Of the lines below, report only those that contain "Constituyente".

Dataset entries:
# # # #

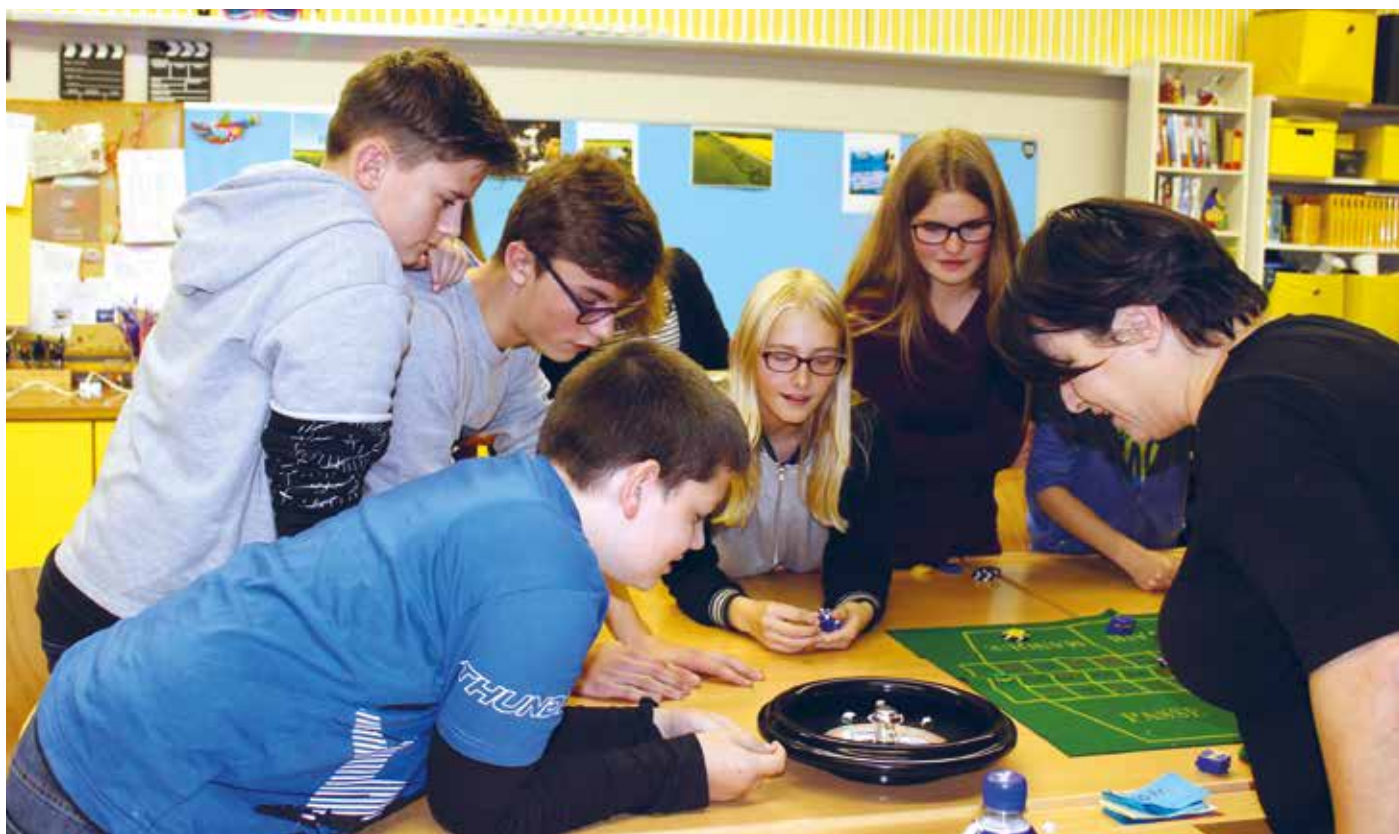
Auf welcher Zahl bleibt die Kugel im Roulette-Rad stehen?
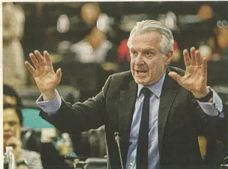
LÍDER. Santiago Creel Miranda, coordinador parlamentario del PAN en la Asamblea Constituyente.

Señaló que la participación del PAN en la Constituyente ha sido determinante porque están proyectando un sentido de humanismo en sus principios. El reto, indicó, es fortalecer el bien común que empieza con la dignidad del ser humano. Los panistas, agregó, están impulsando propuestas tan como una auténtica democratización del poder hacia las alcaldías, los cabildos, la participación ciudadana, a través del plebiscito, el referéndum, y la consulta popular.
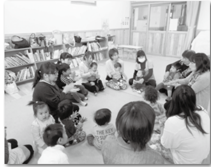
園児と一緒に「かえるがゲコゲコ」などの歌に合わせて、ふれあい遊びをしました。
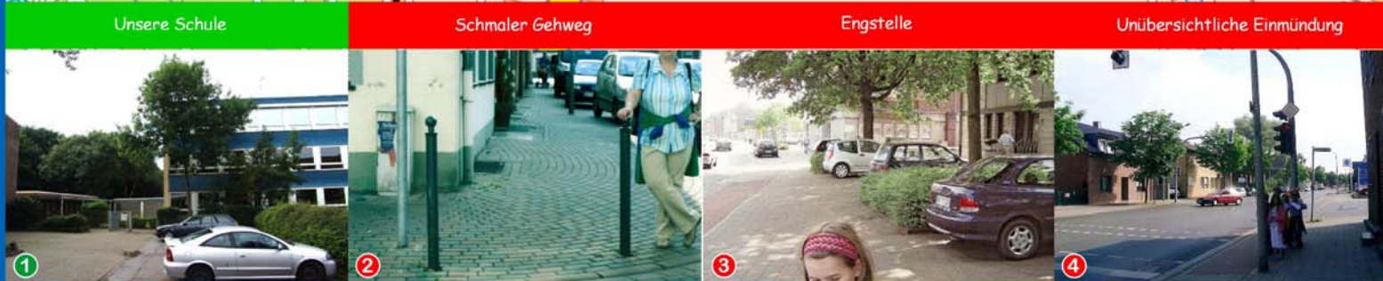
1 Unsere Schule 2 Schmaler Gehweg 3 Engstelle 4 Unübersichtliche Einmündung
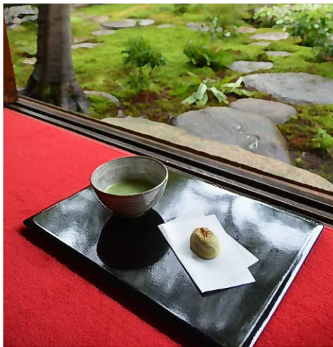
庭園を眺めながら一服

旧林家住宅給湯室の手洗いや排水設備、棚、冷蔵庫などを整備し、年間を通じて来館者に抹茶などを呈茶できるようにする。

# # # #

Result below:
LÍDER. Santiago Creel Miranda, coordinador parlamentario del PAN en la Asamblea Constituyente.
Señaló que la participación del PAN en la Constituyente ha sido determinante porque están proyectando un sentido de humanismo en sus principios. El reto, indicó, es fortalecer el bien común que empieza con la dignidad del ser humano. Los panistas, agregó, están impulsando propuestas tan como una auténtica democratización del poder hacia las alcaldías, los cabildos, la participación ciudadana, a través del plebiscito, el referéndum, y la consulta popular.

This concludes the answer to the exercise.